We also eliminated open positions, adjusted our bonus structure and suspended our four zero one match until further notice. These are hard but necessary decisions. We have also continued to work on rightsizing our facilities and distribution footprint. Our second team is focused on marketing effectiveness. We have eliminated several large legacy marketing programs from last year.
We are also focused on a return on ad spend as a critical metric. Our marketing team led by our CMO, Liz Van Zura is incorporating a contribution margin analysis model to inform our return on ad spend targets. In addition, we are actively eliminating unprofitable sponsorships. As you can tell, we are working to directly tie our marketing investments to profit generation and will adjust as appropriate. Our third team was focused on pricing strategies.
We are aware that conflicts arose in the solo stove retail channel due to our heavy promotional approach in our DTC channel last year. We have now revised our promotional calendar so that our DTC channel and retail partners are fully aligned. Although this significantly impacted Solo Stoves direct to consumer results, this is a necessary change to align our direct to consumer strategy with our key retail partners. In addition, we are implementing a strategic repricing of our portfolio where warranted and terminating low profit retail programs. Our fourth team was focused on product innovation.

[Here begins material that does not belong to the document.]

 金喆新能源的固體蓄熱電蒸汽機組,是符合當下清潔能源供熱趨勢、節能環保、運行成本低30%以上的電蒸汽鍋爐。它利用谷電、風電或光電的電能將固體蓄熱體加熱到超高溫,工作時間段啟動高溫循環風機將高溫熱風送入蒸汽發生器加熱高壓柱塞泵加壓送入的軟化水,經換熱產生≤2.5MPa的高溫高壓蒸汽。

We believe that product innovation plays a critical role on our strategy. While Chubbies and Watersports have continued to innovate with some great new products, we are excited to share that we have stepped up the innovation in our Solo Stove division with five new products launching this year, beginning with the introduction of our new Windchill 47 cooler hitting the markets this week. We anticipate these new product launches to ramp up this summer with more visible financial impacts expected in Q4. With these premium brand launches, we will be intentionally less promotional. We also plan to bring our best strategic retail partners into the newness by way of some exceptional exclusive products in the future.
We are tracking and reviewing the company’s aggressive profit focused initiatives weekly and recognize that measuring our progress is critically important. Also, we expect that establishing consistent repeatable processes will enhance and accelerate operational efficiencies today and in the future. We will amplify new product launches with thoughtful marketing spend to generate sustainable returns. This is a metrics based mindset that we anticipate will drive improving profitability at Solo Brands. We are still in the early innings, but our vision is clear.

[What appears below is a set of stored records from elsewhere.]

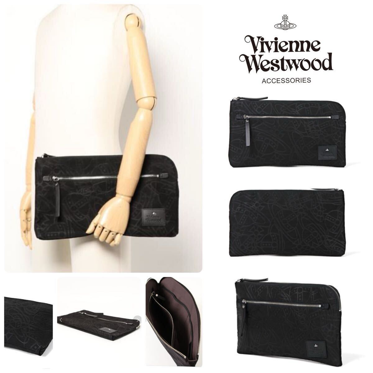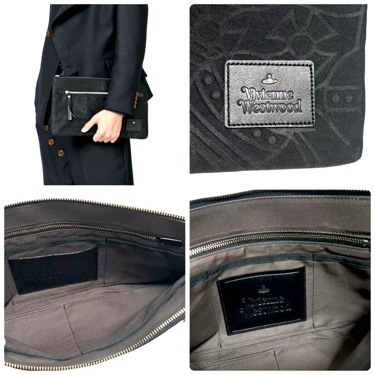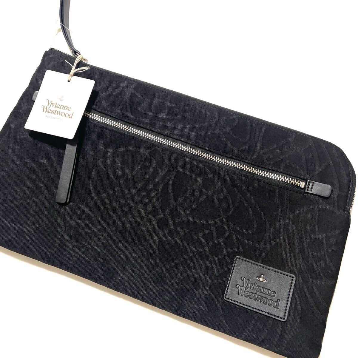 新品 ◆ Vivienne Westwood ◆ ヴィヴィアン ウエストウッド メンズ 日本製 クラッチバッグ セカンドバッグ ラインオーブエンボス ブラック
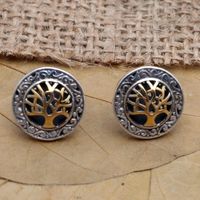 Gold-Accented Tree-Themed Button Earrings 'Golden Banyan Tree' Item ID: 2671746559
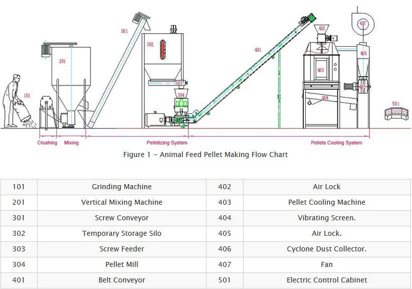 The production process involves several steps: Raw Material → Feed Grinding → Feed Mixing → Feed Pelletizing → Feed Cooling → Pellet Packing.

We have adjusted our business approach and culture to deliver improved bottom line results. As we execute our measured value accretive initiatives, we expect to stabilize our performance in the second half of the year. Since we are working with our lenders on addressing the company’s debt structure, we know that a Q and A session would require us to say no comment a lot. So we are holding off answering investor questions until we can speak about the details. Thank you for continuing to follow our company and taking this journey with us.
We look forward to providing operational and financial updates on the company as we progress. Have a great day.
Conference Operator: The conference has now concluded. Thank you for attending today’s presentation. You may now disconnect.